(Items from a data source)
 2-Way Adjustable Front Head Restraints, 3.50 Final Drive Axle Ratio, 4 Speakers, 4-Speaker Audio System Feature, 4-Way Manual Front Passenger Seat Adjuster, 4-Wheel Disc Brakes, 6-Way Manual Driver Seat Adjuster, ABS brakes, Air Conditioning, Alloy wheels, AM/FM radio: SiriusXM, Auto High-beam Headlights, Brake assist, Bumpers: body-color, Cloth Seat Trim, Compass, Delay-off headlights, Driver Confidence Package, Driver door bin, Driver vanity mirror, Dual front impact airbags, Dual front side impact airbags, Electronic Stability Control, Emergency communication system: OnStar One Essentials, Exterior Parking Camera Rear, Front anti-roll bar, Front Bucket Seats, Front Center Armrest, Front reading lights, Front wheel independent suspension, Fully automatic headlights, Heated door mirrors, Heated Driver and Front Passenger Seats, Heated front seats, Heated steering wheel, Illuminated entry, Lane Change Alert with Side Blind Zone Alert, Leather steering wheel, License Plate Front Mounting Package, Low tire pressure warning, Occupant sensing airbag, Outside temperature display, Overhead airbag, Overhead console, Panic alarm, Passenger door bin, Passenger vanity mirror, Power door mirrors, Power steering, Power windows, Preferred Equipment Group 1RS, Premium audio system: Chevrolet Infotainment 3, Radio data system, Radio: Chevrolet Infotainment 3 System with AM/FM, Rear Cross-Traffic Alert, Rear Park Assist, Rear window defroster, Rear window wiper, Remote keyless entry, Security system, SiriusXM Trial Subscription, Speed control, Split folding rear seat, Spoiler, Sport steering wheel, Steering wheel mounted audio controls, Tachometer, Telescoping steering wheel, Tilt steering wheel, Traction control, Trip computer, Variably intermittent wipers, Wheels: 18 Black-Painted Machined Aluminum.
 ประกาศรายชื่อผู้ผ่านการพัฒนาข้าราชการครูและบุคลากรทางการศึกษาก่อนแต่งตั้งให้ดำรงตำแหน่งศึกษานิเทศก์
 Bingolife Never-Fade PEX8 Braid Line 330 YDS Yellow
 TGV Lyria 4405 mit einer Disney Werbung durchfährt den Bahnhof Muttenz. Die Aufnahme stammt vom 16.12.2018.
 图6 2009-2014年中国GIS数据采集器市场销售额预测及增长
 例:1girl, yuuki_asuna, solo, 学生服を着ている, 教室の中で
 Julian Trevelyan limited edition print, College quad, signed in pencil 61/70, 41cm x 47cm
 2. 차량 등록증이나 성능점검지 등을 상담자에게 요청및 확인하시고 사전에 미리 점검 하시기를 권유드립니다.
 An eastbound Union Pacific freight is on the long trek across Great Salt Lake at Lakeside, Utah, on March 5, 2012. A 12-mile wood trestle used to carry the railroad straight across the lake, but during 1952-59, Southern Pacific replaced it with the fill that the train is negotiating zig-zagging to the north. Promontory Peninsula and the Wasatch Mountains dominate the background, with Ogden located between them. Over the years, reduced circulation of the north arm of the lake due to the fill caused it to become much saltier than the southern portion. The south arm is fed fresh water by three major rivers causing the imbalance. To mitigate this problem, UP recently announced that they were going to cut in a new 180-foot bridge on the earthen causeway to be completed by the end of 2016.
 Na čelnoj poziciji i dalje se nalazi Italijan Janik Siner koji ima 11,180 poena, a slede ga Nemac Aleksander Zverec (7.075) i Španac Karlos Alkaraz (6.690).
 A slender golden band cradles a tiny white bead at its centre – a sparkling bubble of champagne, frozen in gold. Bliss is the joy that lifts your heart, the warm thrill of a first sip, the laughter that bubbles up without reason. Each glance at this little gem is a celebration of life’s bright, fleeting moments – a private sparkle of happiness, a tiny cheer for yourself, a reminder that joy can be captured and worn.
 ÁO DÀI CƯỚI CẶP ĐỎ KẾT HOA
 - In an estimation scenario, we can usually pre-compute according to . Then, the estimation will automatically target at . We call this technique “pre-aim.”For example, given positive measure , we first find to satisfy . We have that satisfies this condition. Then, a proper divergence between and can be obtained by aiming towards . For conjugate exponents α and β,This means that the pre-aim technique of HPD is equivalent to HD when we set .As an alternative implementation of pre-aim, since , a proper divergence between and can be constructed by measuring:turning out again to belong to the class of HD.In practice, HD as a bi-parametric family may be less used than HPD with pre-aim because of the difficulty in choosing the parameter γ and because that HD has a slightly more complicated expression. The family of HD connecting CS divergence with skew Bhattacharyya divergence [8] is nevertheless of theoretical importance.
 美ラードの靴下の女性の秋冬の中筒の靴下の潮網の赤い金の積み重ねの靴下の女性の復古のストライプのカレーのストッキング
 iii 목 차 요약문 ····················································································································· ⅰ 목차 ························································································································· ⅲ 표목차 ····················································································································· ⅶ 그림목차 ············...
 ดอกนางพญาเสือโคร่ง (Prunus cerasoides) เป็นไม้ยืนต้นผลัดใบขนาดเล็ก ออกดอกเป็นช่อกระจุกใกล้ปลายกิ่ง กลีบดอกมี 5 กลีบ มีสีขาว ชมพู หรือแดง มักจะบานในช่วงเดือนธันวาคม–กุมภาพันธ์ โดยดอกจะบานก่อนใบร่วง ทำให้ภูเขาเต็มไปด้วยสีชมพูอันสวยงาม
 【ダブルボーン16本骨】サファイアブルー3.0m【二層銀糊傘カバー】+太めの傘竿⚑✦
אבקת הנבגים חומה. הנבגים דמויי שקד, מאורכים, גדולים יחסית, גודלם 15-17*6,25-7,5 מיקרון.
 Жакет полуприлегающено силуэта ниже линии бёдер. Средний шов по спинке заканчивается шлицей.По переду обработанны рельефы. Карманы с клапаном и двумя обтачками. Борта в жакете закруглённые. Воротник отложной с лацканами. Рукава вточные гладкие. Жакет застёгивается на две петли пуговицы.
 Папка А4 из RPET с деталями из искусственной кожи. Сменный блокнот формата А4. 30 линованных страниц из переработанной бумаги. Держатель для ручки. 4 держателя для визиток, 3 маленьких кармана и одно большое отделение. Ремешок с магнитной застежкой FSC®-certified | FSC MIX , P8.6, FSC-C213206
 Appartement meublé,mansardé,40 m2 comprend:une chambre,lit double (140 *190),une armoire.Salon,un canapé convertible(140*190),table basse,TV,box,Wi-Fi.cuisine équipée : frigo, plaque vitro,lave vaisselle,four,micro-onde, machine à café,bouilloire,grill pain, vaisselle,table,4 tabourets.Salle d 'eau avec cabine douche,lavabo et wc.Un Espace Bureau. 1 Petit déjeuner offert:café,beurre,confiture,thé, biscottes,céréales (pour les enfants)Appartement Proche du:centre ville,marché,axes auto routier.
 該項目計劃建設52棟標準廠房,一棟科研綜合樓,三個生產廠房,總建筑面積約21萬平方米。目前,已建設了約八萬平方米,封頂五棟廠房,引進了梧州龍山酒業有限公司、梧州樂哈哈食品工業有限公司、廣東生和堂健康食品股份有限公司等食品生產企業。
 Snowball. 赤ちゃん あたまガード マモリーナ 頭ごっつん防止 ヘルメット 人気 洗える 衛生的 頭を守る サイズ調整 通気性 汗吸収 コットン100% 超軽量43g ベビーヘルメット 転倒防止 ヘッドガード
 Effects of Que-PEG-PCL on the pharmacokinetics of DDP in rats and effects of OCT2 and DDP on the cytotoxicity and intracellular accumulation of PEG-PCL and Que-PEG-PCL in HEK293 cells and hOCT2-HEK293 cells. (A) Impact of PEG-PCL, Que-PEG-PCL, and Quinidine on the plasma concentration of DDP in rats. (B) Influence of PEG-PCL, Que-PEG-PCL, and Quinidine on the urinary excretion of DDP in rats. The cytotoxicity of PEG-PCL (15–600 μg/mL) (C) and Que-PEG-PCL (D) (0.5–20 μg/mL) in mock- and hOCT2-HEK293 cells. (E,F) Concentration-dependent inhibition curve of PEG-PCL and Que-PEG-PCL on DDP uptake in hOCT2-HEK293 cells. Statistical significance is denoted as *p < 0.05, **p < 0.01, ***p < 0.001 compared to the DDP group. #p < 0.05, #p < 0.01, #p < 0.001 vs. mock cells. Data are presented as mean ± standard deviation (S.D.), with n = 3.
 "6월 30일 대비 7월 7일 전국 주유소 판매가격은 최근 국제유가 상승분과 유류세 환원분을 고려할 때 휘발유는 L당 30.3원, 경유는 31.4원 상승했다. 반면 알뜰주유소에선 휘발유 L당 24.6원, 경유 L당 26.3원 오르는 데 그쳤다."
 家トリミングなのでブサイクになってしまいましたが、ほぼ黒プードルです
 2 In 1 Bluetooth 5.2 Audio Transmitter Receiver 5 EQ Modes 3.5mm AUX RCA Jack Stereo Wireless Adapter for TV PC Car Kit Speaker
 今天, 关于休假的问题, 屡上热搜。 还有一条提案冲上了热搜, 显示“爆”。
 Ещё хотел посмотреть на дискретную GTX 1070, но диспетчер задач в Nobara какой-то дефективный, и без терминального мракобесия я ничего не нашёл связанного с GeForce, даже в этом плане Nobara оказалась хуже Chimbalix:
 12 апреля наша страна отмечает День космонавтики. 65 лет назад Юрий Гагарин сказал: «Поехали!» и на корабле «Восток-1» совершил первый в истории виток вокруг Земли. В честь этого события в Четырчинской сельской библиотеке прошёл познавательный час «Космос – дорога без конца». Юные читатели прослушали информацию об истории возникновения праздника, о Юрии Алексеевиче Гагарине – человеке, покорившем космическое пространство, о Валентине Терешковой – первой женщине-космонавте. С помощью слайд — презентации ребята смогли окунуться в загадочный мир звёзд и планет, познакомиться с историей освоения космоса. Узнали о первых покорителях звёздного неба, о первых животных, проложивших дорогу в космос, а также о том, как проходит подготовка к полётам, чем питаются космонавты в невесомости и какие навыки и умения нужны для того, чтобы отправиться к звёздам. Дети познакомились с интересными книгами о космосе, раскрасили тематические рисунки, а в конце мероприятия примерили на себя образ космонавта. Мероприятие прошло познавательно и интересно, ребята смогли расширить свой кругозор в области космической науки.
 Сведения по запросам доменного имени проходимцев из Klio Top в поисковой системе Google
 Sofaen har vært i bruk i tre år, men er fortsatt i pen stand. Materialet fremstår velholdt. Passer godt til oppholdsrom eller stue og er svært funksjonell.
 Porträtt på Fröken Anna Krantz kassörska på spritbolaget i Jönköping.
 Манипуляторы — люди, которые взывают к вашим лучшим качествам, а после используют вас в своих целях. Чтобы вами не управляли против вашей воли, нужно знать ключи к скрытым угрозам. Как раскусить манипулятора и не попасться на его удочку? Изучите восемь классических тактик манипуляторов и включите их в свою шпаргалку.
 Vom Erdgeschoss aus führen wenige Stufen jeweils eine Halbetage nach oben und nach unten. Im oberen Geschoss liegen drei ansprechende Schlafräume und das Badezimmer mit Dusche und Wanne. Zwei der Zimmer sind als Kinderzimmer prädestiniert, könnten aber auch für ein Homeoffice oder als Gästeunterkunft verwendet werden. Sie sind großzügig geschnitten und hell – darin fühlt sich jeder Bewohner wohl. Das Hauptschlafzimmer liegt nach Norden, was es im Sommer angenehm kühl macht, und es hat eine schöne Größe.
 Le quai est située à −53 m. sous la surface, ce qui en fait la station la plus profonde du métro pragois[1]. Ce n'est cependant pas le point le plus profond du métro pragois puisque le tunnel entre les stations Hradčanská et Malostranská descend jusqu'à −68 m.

**Problem:** What is needed is an exact copy of the entries above, from the first line through the line holding "TGV Lyria 4405", with both of those lines kept; please give nothing else.

**Solved exercise:**
 2-Way Adjustable Front Head Restraints, 3.50 Final Drive Axle Ratio, 4 Speakers, 4-Speaker Audio System Feature, 4-Way Manual Front Passenger Seat Adjuster, 4-Wheel Disc Brakes, 6-Way Manual Driver Seat Adjuster, ABS brakes, Air Conditioning, Alloy wheels, AM/FM radio: SiriusXM, Auto High-beam Headlights, Brake assist, Bumpers: body-color, Cloth Seat Trim, Compass, Delay-off headlights, Driver Confidence Package, Driver door bin, Driver vanity mirror, Dual front impact airbags, Dual front side impact airbags, Electronic Stability Control, Emergency communication system: OnStar One Essentials, Exterior Parking Camera Rear, Front anti-roll bar, Front Bucket Seats, Front Center Armrest, Front reading lights, Front wheel independent suspension, Fully automatic headlights, Heated door mirrors, Heated Driver and Front Passenger Seats, Heated front seats, Heated steering wheel, Illuminated entry, Lane Change Alert with Side Blind Zone Alert, Leather steering wheel, License Plate Front Mounting Package, Low tire pressure warning, Occupant sensing airbag, Outside temperature display, Overhead airbag, Overhead console, Panic alarm, Passenger door bin, Passenger vanity mirror, Power door mirrors, Power steering, Power windows, Preferred Equipment Group 1RS, Premium audio system: Chevrolet Infotainment 3, Radio data system, Radio: Chevrolet Infotainment 3 System with AM/FM, Rear Cross-Traffic Alert, Rear Park Assist, Rear window defroster, Rear window wiper, Remote keyless entry, Security system, SiriusXM Trial Subscription, Speed control, Split folding rear seat, Spoiler, Sport steering wheel, Steering wheel mounted audio controls, Tachometer, Telescoping steering wheel, Tilt steering wheel, Traction control, Trip computer, Variably intermittent wipers, Wheels: 18 Black-Painted Machined Aluminum.
 ประกาศรายชื่อผู้ผ่านการพัฒนาข้าราชการครูและบุคลากรทางการศึกษาก่อนแต่งตั้งให้ดำรงตำแหน่งศึกษานิเทศก์
 Bingolife Never-Fade PEX8 Braid Line 330 YDS Yellow
 TGV Lyria 4405 mit einer Disney Werbung durchfährt den Bahnhof Muttenz. Die Aufnahme stammt vom 16.12.2018.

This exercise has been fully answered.